In June 2020, Glenmark became the first company in India to receive regulatory clearance for manufacturing and marketing favipiravir 200mg tablet (marketed as FabiFlu) as part of an accelerated approval process, in view of the emergency situation of the COVID-19 outbreak in the country. (Also see "Flutter Over Debut Of Glenmark's Favipiravir For COVID-19 In India" - Scrip, 22 Jun, 2020.)

Glenmark, which developed in-house both the active pharmaceutical ingredient and the formulation for the oral antiviral, has since launched the 400mg strength of favipiravir on the market to reduce the pill burden of COVID-19 treatment. (Also see "Coronavirus Update: Favipiravir Scores In Phase III Trial" - Scrip, 24 Jul, 2020.)

There are over half a dozen cut-price favipiravir brands already on the Indian market, including a version from India’s top-ranked drug firm Sun Pharmaceutical Industries Ltd.. Favipiravir originator, Japan's Fujifilm Toyama Chemical Co.
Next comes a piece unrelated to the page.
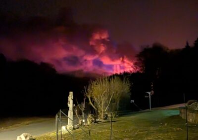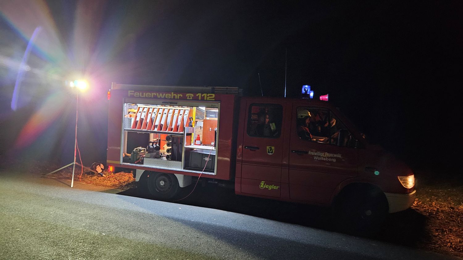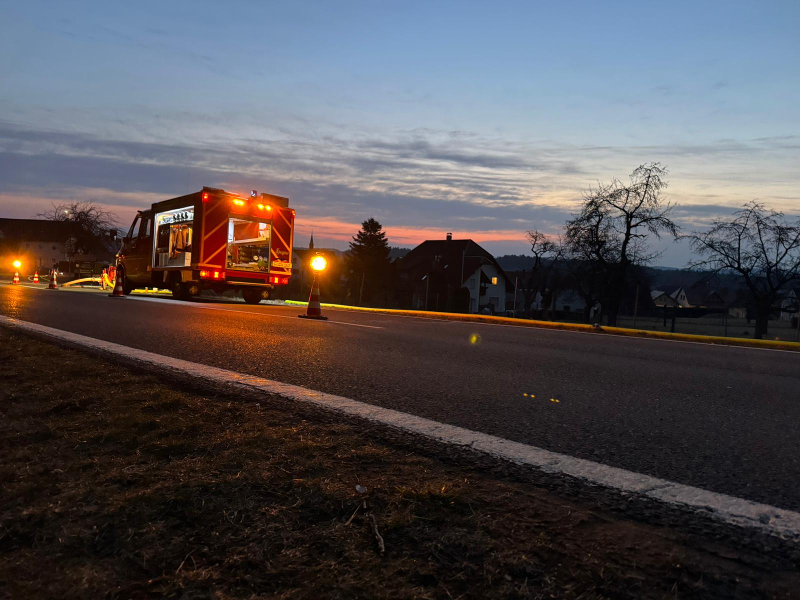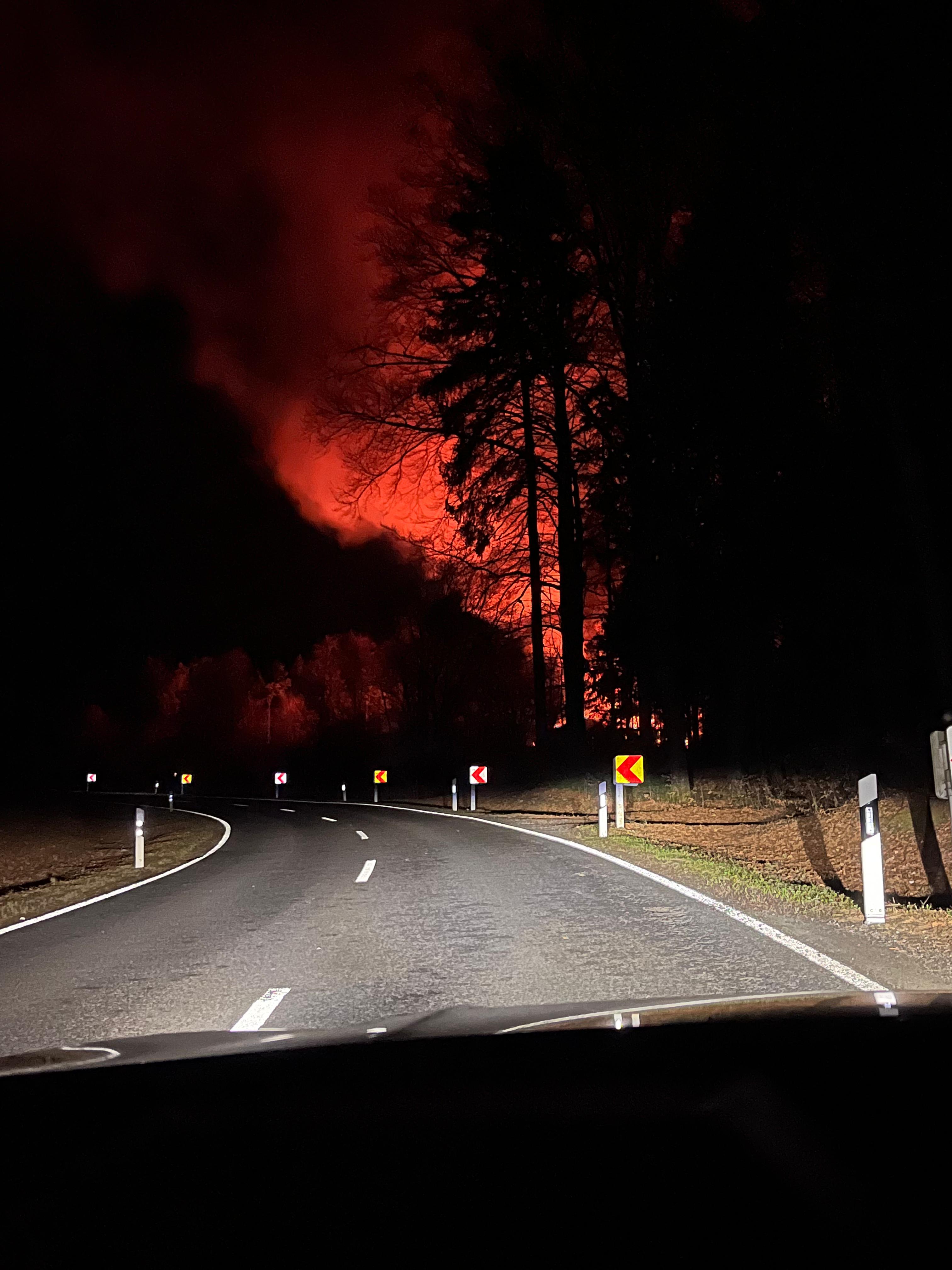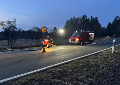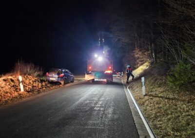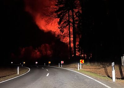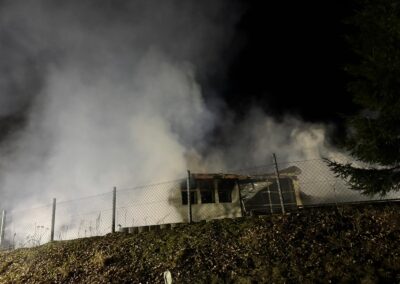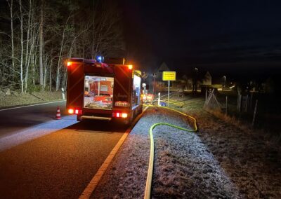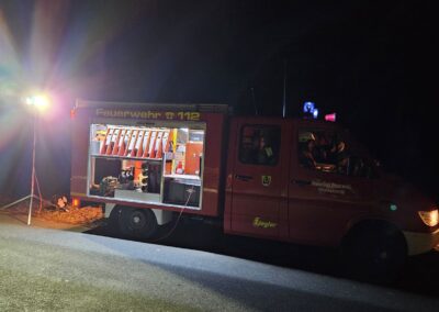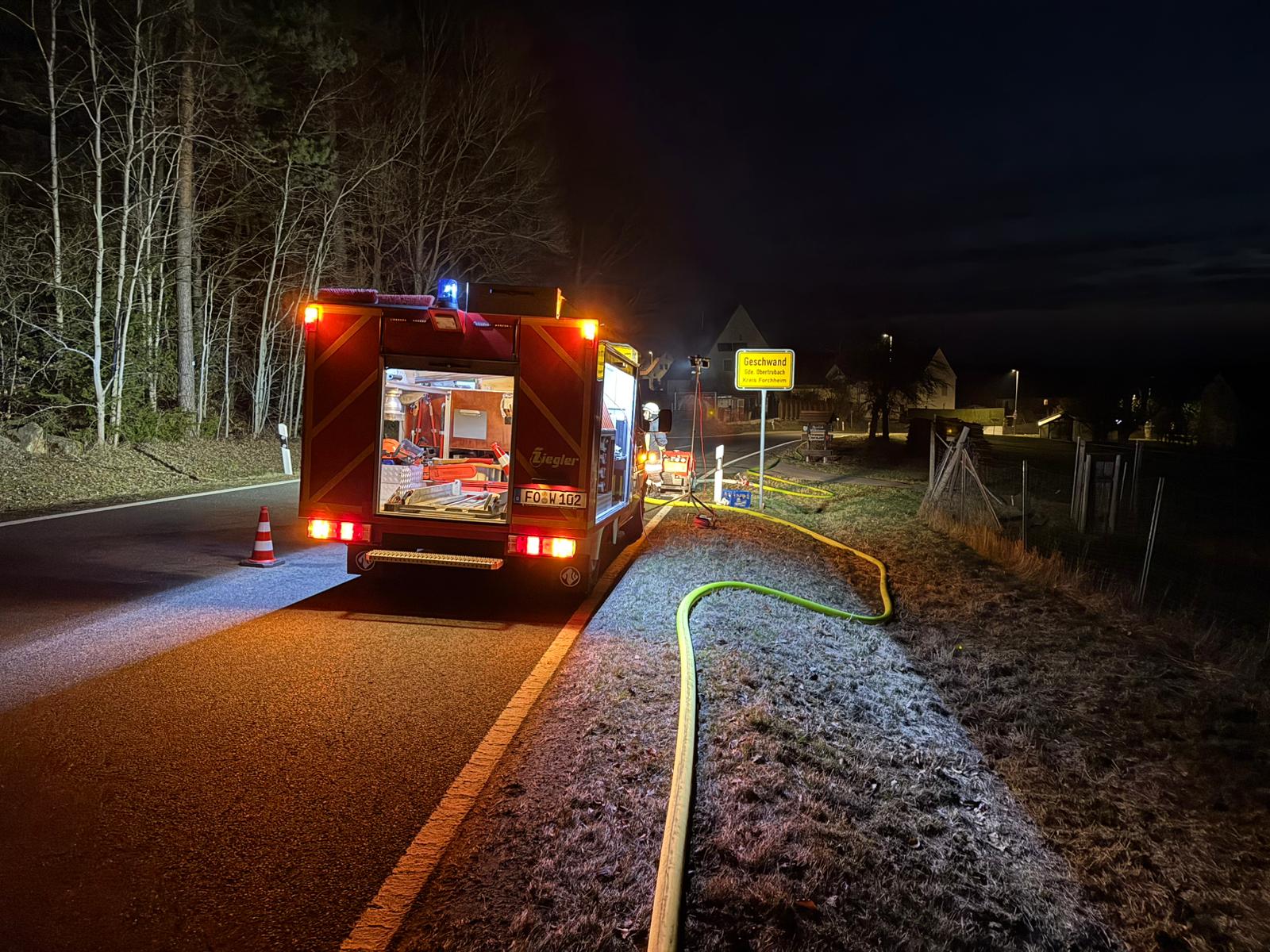 Am Sonntag, den 08.03.2026 ertönten im Umkreis verschiedene Sirenen. Unsere rief uns aber erst eine halbe Stunde später, um 22:42 Uhr, zum Gerätehaus. Zu diesem Zeitpunkt wussten wir bereits, dass der Aussiedlerhof bei Sorg lichterloh brannte. Aufgrund der späten Uhrzeit und auch weil das Auszählen der Kommunalwahl noch in vollem Gange war, trafen alle Aktiven sehr unterschiedlich ein, sodass der erste Teil mit dem TSF bereits Richtung Geschwand ausgerückt war und der zweite Teil Richtung Sorg fuhr.

Ltd., in August launched its brand Avigan through partner Dr. Reddy's Laboratories Ltd. on the Indian market, highlighting aspects such as the large amount of safety data and superior shelf-life of its product. (Also see "Can Avigan Bite Into Buzzing Indian Favipiravir Market?" - Scrip, 20 Aug, 2020.)

Celltrion Gets Korea Approval For Antibody Trials

Celltrion, Inc. has received an IND approval from South Korea's Ministry of Food and Drug Safety (MFDS) to begin a Phase III clinical trial with CT-P59, its monoclonal antibody candidate for the preventive treatment of COVID-19.

The company will conduct the trial in about 1,000 subjects - both asymptomatic COVID-19 patients and close contacts of COVID-19 patients - mainly in South Korea. The therapy generates antibodies once it is administered, so is expected to prevent infections in high-risk populations such as medical staff and older people.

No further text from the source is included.